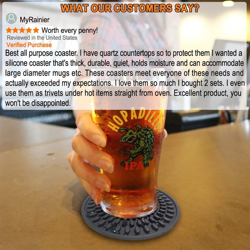 - WARRANTY: Our reusable rubber drink coaster comes with 60 days Money Back Guarantee and Lifetime Warranty. Buy today RISK-FREE. Any problems with our beverage silicone drink coasters please feel free to contact us.
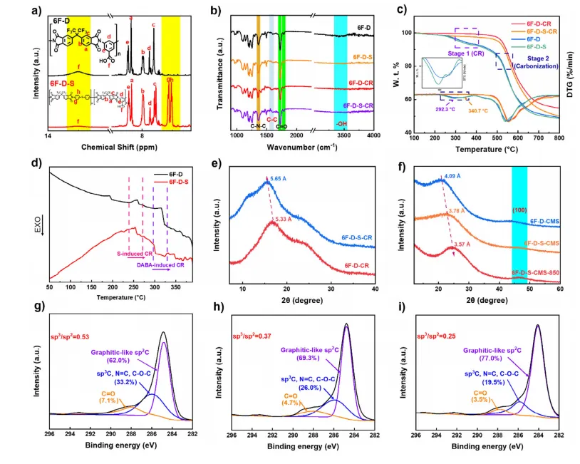 图2. a)¹H 核磁共振光谱。b)衰减全反射傅里叶变换红外光谱。c)原膜和CR膜的热重分析曲线。D)差示扫描量热法。e)和f)CR膜及CMSMs的广角 X 射线衍射。g)–i)所有CMSMs的C1s X 射线光电子能谱。
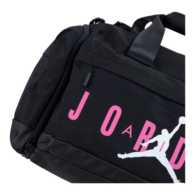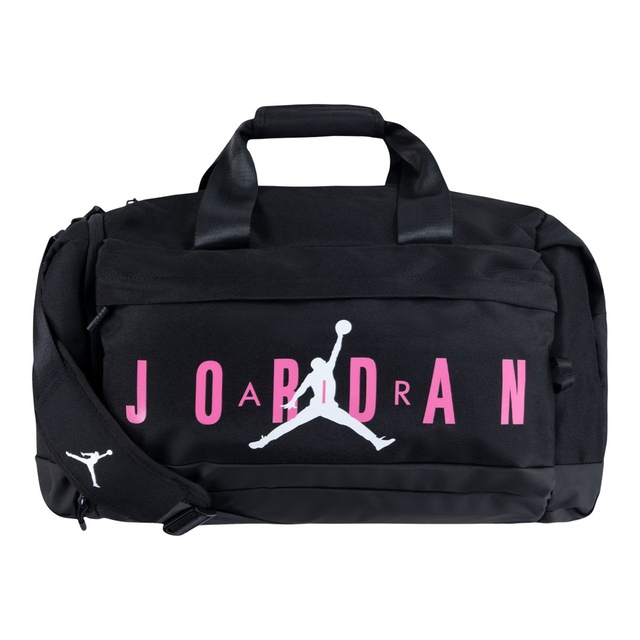 This spacious duffle bag features the Jordan logo on the large zippered front pocket. The large main compartment has a zip closure and houses a mesh drop pocket and media organizer to secure smaller items you don't want lost in the shuffle, there's a large slip pocket at the side and the shoe garage keeps the shoes you play in away from the clothing you want to keep clean. The grab handles have a hoook-and-loop closure to hold them together for easy carrying and the adjustable removable strap provides comfy wear.

★ ★ ★ ★ ★

Prompt -
Leaving out all pictures, transcribe the listing exactly.

Solution to the exercise -
 - WARRANTY: Our reusable rubber drink coaster comes with 60 days Money Back Guarantee and Lifetime Warranty. Buy today RISK-FREE. Any problems with our beverage silicone drink coasters please feel free to contact us.
 图2. a)¹H 核磁共振光谱。b)衰减全反射傅里叶变换红外光谱。c)原膜和CR膜的热重分析曲线。D)差示扫描量热法。e)和f)CR膜及CMSMs的广角 X 射线衍射。g)–i)所有CMSMs的C1s X 射线光电子能谱。
 This spacious duffle bag features the Jordan logo on the large zippered front pocket. The large main compartment has a zip closure and houses a mesh drop pocket and media organizer to secure smaller items you don't want lost in the shuffle, there's a large slip pocket at the side and the shoe garage keeps the shoes you play in away from the clothing you want to keep clean. The grab handles have a hoook-and-loop closure to hold them together for easy carrying and the adjustable removable strap provides comfy wear.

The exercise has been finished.